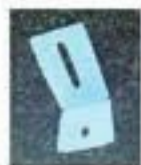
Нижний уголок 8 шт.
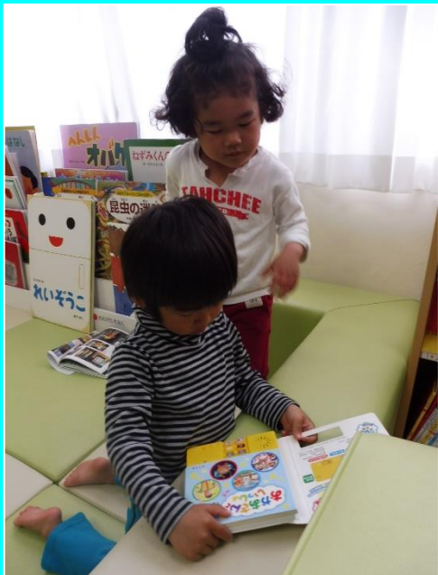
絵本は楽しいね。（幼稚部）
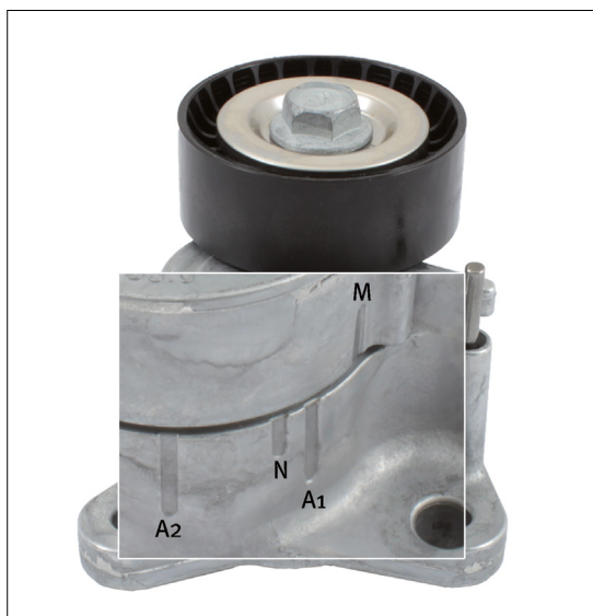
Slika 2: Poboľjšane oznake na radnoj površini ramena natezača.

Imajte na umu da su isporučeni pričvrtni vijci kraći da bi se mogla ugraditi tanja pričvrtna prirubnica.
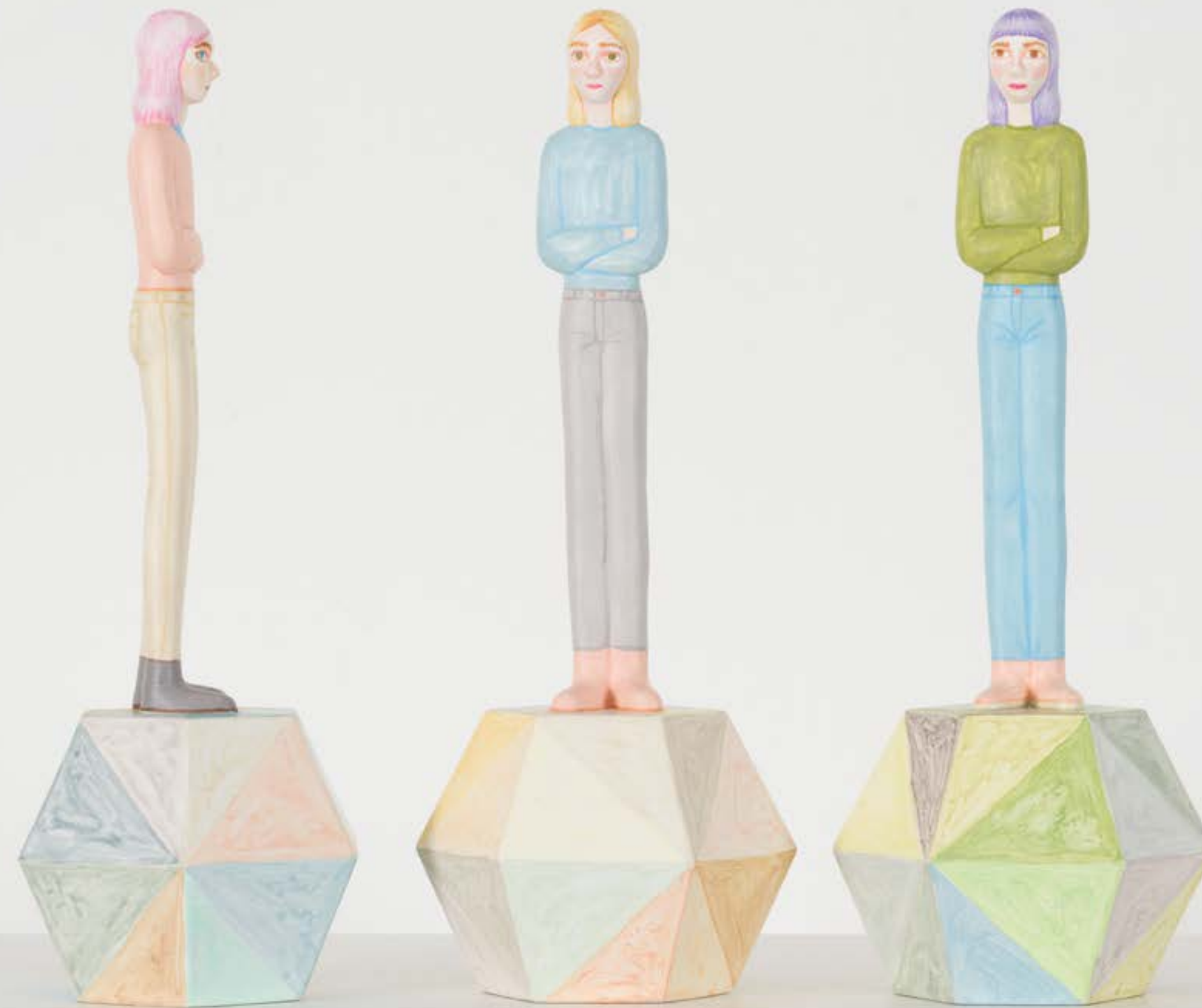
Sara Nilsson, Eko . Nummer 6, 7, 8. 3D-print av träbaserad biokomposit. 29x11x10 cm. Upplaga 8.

•••••

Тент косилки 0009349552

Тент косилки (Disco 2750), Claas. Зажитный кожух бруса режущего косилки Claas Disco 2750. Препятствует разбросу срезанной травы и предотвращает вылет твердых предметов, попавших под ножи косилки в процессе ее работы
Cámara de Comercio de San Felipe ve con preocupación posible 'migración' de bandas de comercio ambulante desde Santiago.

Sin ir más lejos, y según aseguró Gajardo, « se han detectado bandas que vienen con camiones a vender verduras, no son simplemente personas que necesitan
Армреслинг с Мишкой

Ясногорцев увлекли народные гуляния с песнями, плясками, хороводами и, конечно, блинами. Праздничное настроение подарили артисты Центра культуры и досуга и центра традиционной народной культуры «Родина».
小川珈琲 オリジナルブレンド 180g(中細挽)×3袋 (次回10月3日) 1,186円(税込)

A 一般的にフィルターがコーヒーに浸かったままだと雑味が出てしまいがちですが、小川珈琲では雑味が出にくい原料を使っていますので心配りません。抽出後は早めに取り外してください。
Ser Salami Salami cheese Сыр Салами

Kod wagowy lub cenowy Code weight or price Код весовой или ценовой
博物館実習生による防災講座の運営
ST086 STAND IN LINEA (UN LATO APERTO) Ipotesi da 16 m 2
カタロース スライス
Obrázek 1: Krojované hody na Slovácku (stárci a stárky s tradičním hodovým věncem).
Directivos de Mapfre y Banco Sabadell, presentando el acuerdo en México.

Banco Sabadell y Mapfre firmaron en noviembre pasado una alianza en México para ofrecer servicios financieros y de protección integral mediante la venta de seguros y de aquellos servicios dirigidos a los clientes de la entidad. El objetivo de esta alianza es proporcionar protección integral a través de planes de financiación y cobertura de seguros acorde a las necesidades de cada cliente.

•••••

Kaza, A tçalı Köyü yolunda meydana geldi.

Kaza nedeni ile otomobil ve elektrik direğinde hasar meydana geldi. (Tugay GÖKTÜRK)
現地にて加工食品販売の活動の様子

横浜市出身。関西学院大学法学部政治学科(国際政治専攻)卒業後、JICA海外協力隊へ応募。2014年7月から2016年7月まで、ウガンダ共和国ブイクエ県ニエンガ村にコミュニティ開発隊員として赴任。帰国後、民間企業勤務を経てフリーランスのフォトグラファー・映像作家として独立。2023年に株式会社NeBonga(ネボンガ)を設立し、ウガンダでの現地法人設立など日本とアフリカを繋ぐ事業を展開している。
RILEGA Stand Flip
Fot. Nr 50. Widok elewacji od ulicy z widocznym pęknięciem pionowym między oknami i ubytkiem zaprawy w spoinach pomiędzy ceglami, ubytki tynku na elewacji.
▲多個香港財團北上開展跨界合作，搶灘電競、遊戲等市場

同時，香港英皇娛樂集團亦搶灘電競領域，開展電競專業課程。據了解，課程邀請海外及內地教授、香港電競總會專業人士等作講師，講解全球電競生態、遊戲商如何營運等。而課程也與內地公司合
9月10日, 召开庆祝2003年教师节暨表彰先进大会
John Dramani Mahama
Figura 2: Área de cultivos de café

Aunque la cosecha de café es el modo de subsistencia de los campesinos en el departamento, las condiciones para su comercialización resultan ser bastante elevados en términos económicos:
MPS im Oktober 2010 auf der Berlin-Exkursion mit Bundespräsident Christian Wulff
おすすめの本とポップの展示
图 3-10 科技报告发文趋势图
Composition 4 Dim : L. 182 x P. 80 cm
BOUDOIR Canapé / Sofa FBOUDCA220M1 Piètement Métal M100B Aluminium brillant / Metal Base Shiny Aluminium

•••••

(PROBLEM TO WORK ON): Out of the entries above, write out only the lines between the line holding "小川珈琲 オリジナルブレンド 180g(中細挽)×3袋" and the line holding "Banco Sabadell y", inclusive, each exactly as given.

(SOLUTION TO THIS EXERCISE):
小川珈琲 オリジナルブレンド 180g(中細挽)×3袋 (次回10月3日) 1,186円(税込)

A 一般的にフィルターがコーヒーに浸かったままだと雑味が出てしまいがちですが、小川珈琲では雑味が出にくい原料を使っていますので心配りません。抽出後は早めに取り外してください。
Ser Salami Salami cheese Сыр Салами

Kod wagowy lub cenowy Code weight or price Код весовой или ценовой
博物館実習生による防災講座の運営
ST086 STAND IN LINEA (UN LATO APERTO) Ipotesi da 16 m 2
カタロース スライス
Obrázek 1: Krojované hody na Slovácku (stárci a stárky s tradičním hodovým věncem).
Directivos de Mapfre y Banco Sabadell, presentando el acuerdo en México.

Banco Sabadell y Mapfre firmaron en noviembre pasado una alianza en México para ofrecer servicios financieros y de protección integral mediante la venta de seguros y de aquellos servicios dirigidos a los clientes de la entidad. El objetivo de esta alianza es proporcionar protección integral a través de planes de financiación y cobertura de seguros acorde a las necesidades de cada cliente.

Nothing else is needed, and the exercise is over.